Categories are evaluated in order and the first matching rule wins.
| Status | Thresholds | Rationale |
|--------|------------|-----------|
| **idle** | Real Util < 5 %, GR < 5 %, DRAM < 5 %, no I/O | Nothing running. |
| **tensor-heavy compute** | Tensor ≥ 50 % and SM ≥ 60 % | DL training / large-scale inference. |
| **tensor compute** | Tensor ≥ 15 % and SM ≥ 40 % | Mixed-precision, moderate tensor use. |
| **FP64 / HPC compute** | FP64 ≥ 20 % and SM ≥ 50 % | Scientific double-precision workload. |
| **I/O or data-loading** | Memcpy ≥ 40 % or PCIe ≥ 1 GB/s, SM < 30 % | Heavy transfer; SMs idle. |
| **memory-bound** | DRAM ≥ 50 % and SM < 50 % | Bandwidth limited. |
| **compute-heavy** | SM ≥ 80 % | Effective SM use (NVIDIA: ≥ 80 % needed). |
| **compute-active** | SM ≥ 50 % | Moderate compute, no tensor dominance. |
| **memory-active** | DRAM ≥ 40 % | Significant DRAM traffic. |
| **busy, low SM use** | GR ≥ 40 % and SM < 25 % | Overhead / sync / small kernels. |
| **low utilization** | GR < 15 %, SM < 15 %, DRAM < 15 % | Barely active. |
| **mixed / moderate** | *(fallthrough)* | No single dominant pattern. |
Full details, bottleneck color key, and NVIDIA reference points:
[docs/classification.md](docs/classification.md)
## Health Monitoring
| Status | Condition | Meaning |
|--------|-----------|---------|
| **OK** | *(none of the below)* | Normal operation. |
| **WARN** | PCIe replay rate > 0/s | PCIe link retransmissions occurring. |
| **HOT** | GPU or memory temp ≥ warning threshold | Approaching thermal throttling. |
| **CRIT** | Row-remap failure > 0 or uncorrectable remapped rows > 0 | Hardware memory errors. Remove from production. |
Temperature warning thresholds are per-model (A100: 93 °C, H100/H200: 95 °C,
RTX 6000: 92 °C, default: 93 °C).
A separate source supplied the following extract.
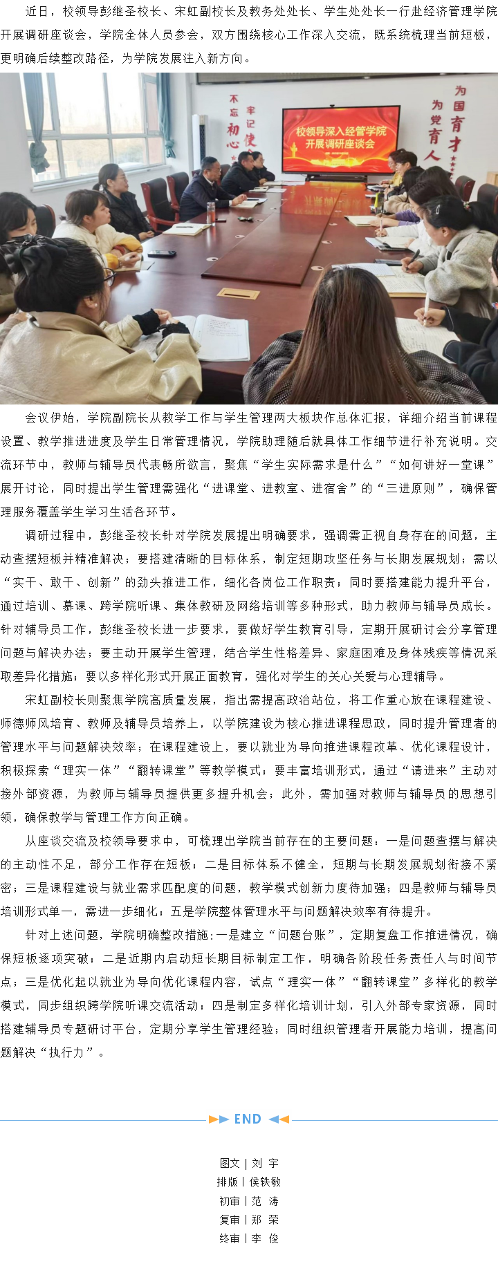 聚焦问题谋整改 缩小差距求发展——校领导赴经管学院开展调研座谈

Full threshold table:
[docs/classification.md](docs/classification.md#temperature-thresholds-by-gpu-model)
## CSV Export
Export GPU metrics as CSV for offline analysis or terminal monitoring. Only GPUs
where the current user has running compute processes are included.
```bash
kempnerpulse --export > metrics.csv # default columns
kempnerpulse --export all > metrics.csv # all 34 columns
kempnerpulse --export gpu_id,real_util_pct,power_w > metrics.csv # custom
kempnerpulse --export --once # single snapshot
```
Default columns: `timestamp, gpu_id, model, gpu_util_pct, mem_used_mib,
real_util_pct, sm_active_pct, tensor_active_pct, dram_active_pct`
Full column reference and usage details:
[docs/export.md](docs/export.md)
## DCGM Metrics
KempnerPulse consumes ~30 DCGM fields covering profiling counters, memory,
temperature, power, clocks, PCIe, NVLink, and error counters. The complete
list with descriptions and NVIDIA doc links:
[docs/metrics.md](docs/metrics.md)
## Performance Overhead
KempnerPulse introduces minimal runtime overhead, using approximately 8.2% of a single CPU core on an AMD EPYC 9374F processor, with negligible memory usage (below the reporting resolution of `top`).
## License
MIT. See [LICENSE](LICENSE) for details.